Weird? Whenever my cat is sleeping or sitting on the desk in front of me I'll push my nose into him and smell him  He has a nice scent


----------



## wallycat (Nov 10, 2012)

I love how my BB smells...a certain "stink" that I do not find objectionable. My other two, Stripey and Bandita, meh.....


----------



## lovetimesfour (Dec 1, 2010)

I love buring my nose in my cats' fur. Apparently there is even a word for it.."huffing" your cat. I've always just called it Snuffling.  

Each of my cats has her (or his) own specific scent, and I love them all.

My favorite scent was my sweet boy who left me for the Bridge almost 2 years ago, he always smelled sweet, like candy. Another Bridge Angel always smelled so yummy spicy, like all spice. Another smelled like toast.

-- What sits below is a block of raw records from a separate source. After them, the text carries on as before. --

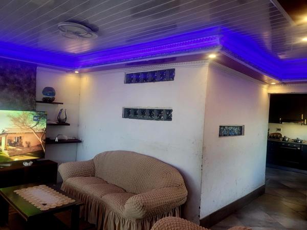 A family home with 4 bedrooms, 2 bathrooms, a lounge with a fire place dining, and a modern and beautiful kitchen, plus a garage.
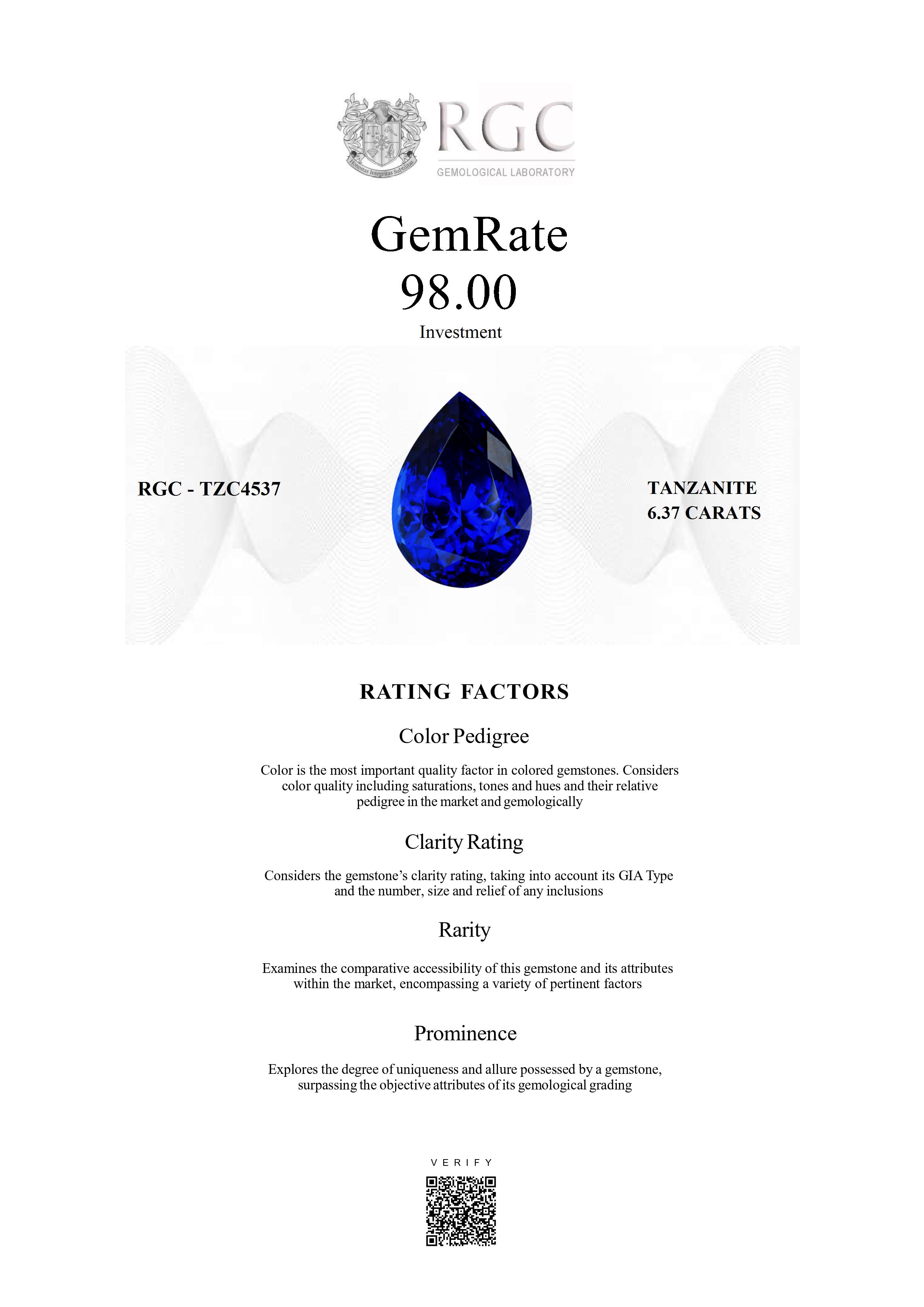 Experienced gemologists forensically examine each gemstone and apply ratings across all factors with different weightings to come up with a single number and classification thereby providing comparability by reducing the complexity inherent to colored gemstones.
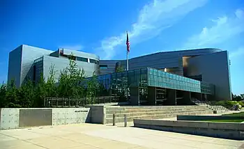 The exterior features a large set of stairs that leads from the street level to the main entrance on the second floor.[9] This 240-foot (73 m) wide grand entrance also serves a security function of reducing the chance of a car bomb reaching the main entrance.[9][15] Other security measures in the design include the underground parking and setting the courtrooms back from the street.[9] The facility was designed as a Security Level IV facility by the government.[9] Other exterior features include structural elements left exposed along with portions of the curved metal skin that extend out from the building.[4] Mayne, the building's architect, stated that it was "the language of the ribbon" to describe the exterior design.[4]
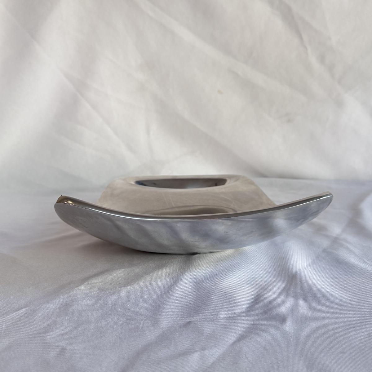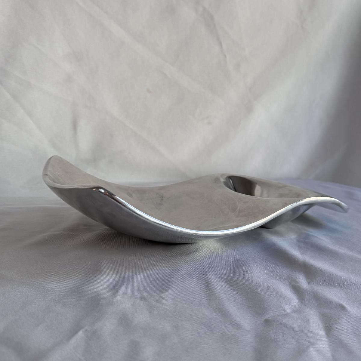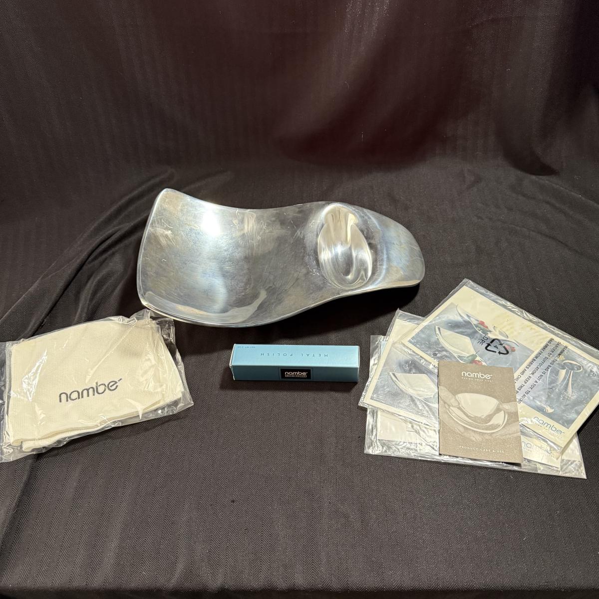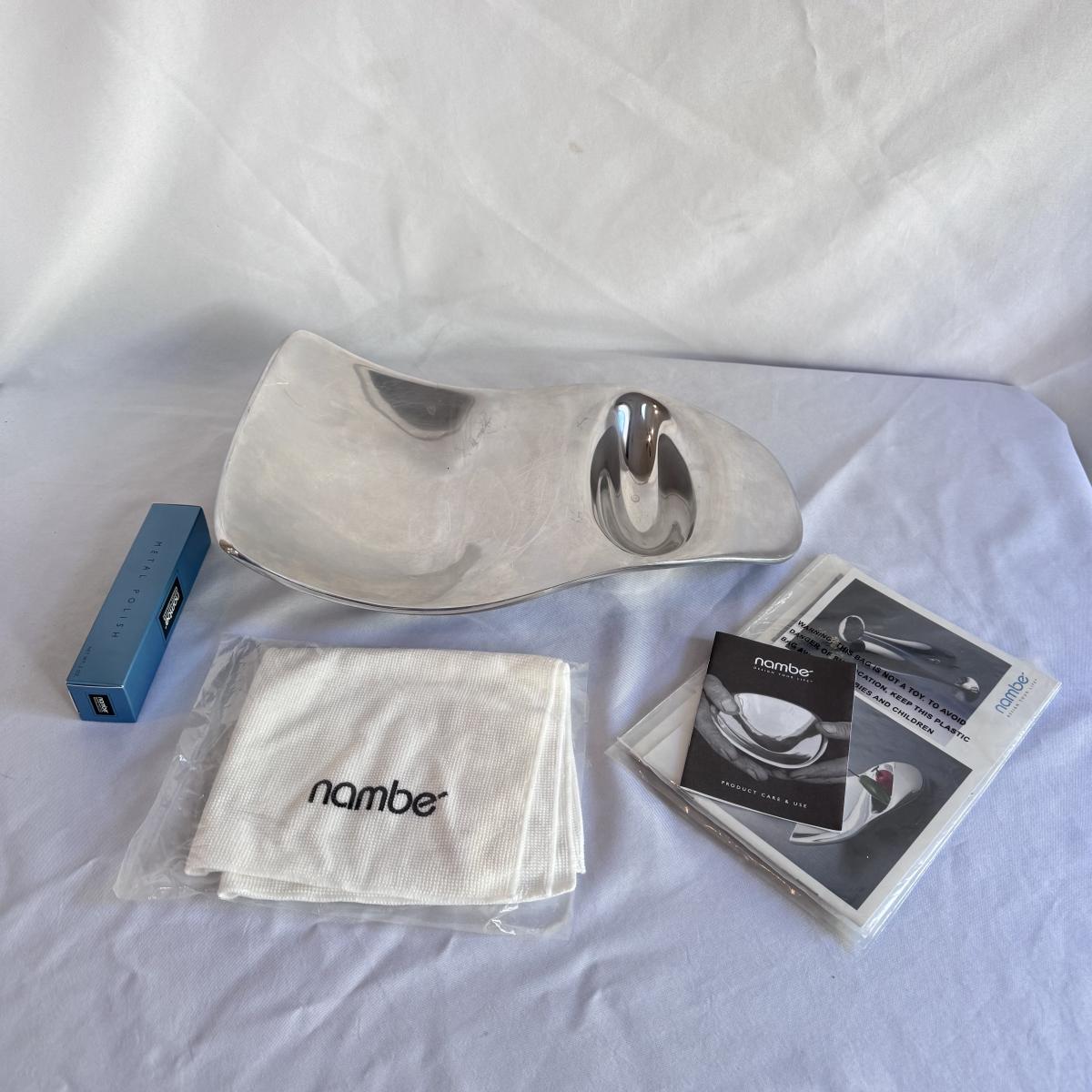 This lot includes one Nambé chip and dip server, along with a Nambé cleaning cloth, Nambé metal polish, and a few informative, unopened Nambé cards. The tray is made of thick aluminum and is stamped with Neil Cohen on the bottom. It measures 15” x 9.5” x 3.5”H. Shipping available.
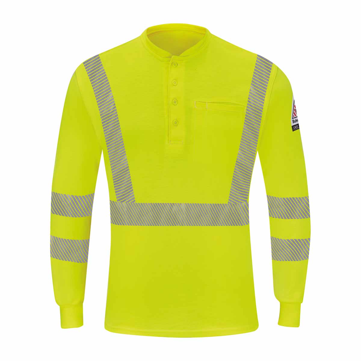 The Hi-Vis Lightweight Long Sleeve Henley features 360º visibility with front and back 2 inch segmented heat seal reflective trim. It has a four-button henley placket and a left chest pocket with pencil stall. With full underarm gussets, rib knit collar and cuffs, you will be free to move and work with comfort.
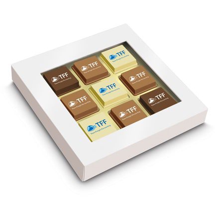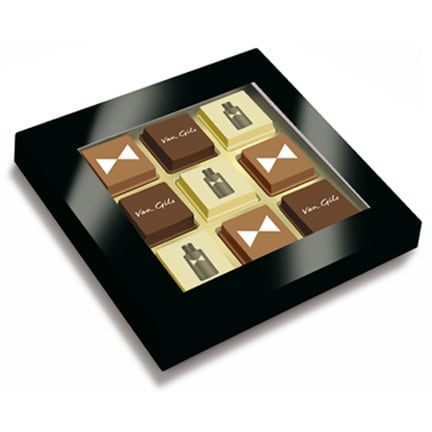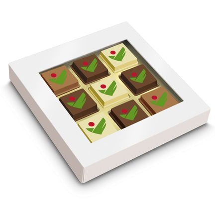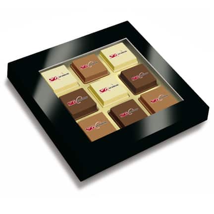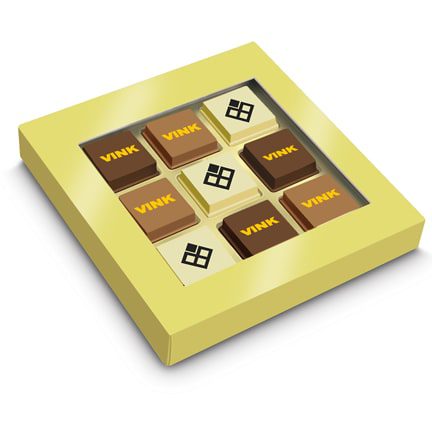 Kies dan Logobonbons, bedrukt met uw bedrijfslogo zijn deze bonbons niet alleen heerlijk maar ook nog prachtig om te zien. Bijna te mooi om op te eten! Verpakt per negen stuks logobonbons in een doosje met transparante window. Keuze uit 3 smaken chocolade of een combinatie hiervan: puur, melk of wit. Vulling: puur-hazelnoot, melk-espresso, wit-caramel crunch.
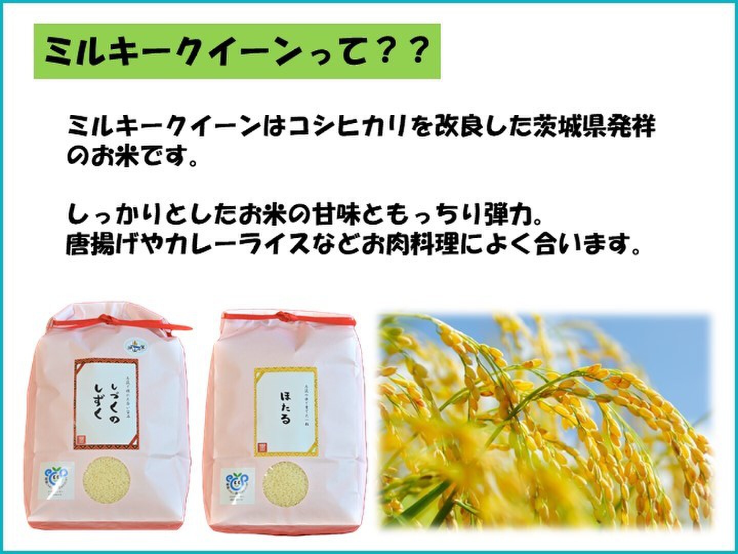 ミルキークイーンは、もっちりとした弾力をお米らしい甘みが感じられるのでお肉料理など洋食に。
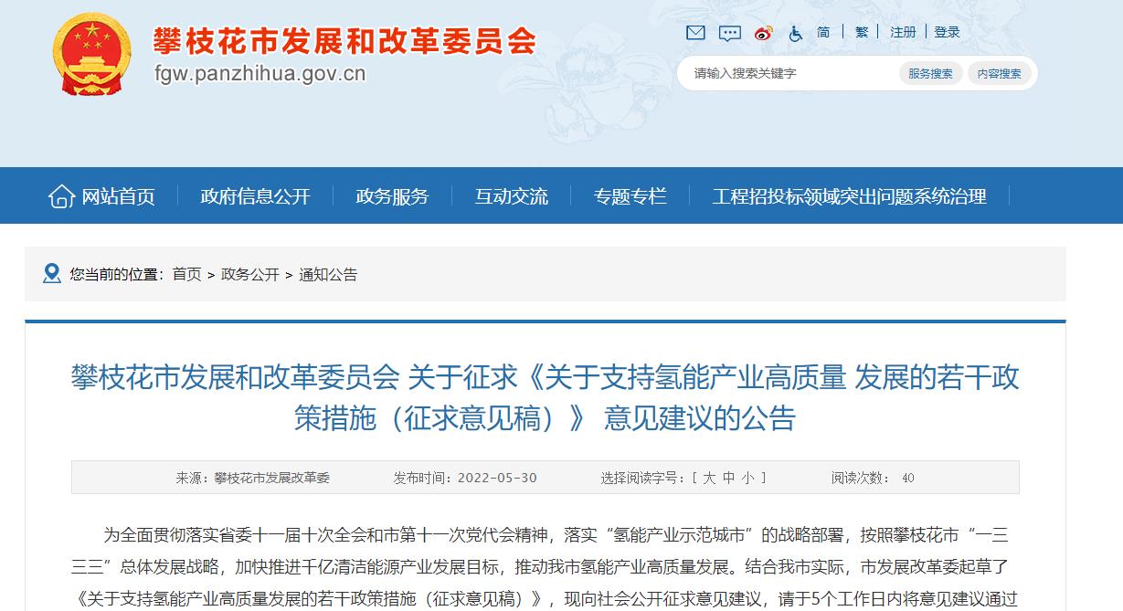 攀枝花市發(fā)展和改革委員會 關(guān)于征求《關(guān)于支持氫能產(chǎn)業(yè)高質(zhì)量 發(fā)展的若干政策措施(征求意見稿)》 意見建議的公告

Of my current girls, one smells like cinnamon, one smells warm...like clothes fresh out of the dryer and one has kind of a dusty scent, but it is not unpleasant, just uniquely her.


----------



## emilyatl (Sep 9, 2013)

One of my kitties smells like his favorite blanket (which gets washed often, so has a very clean scent) Another one smells kind of like toast (I have no idea why, but that's what he smells like). I love burying my face in their fur too, and just listening to them purr (or snore).


----------



## Blakeney Green (Jan 15, 2013)

Maisie smells like a newborn baby, it's really quite sweet.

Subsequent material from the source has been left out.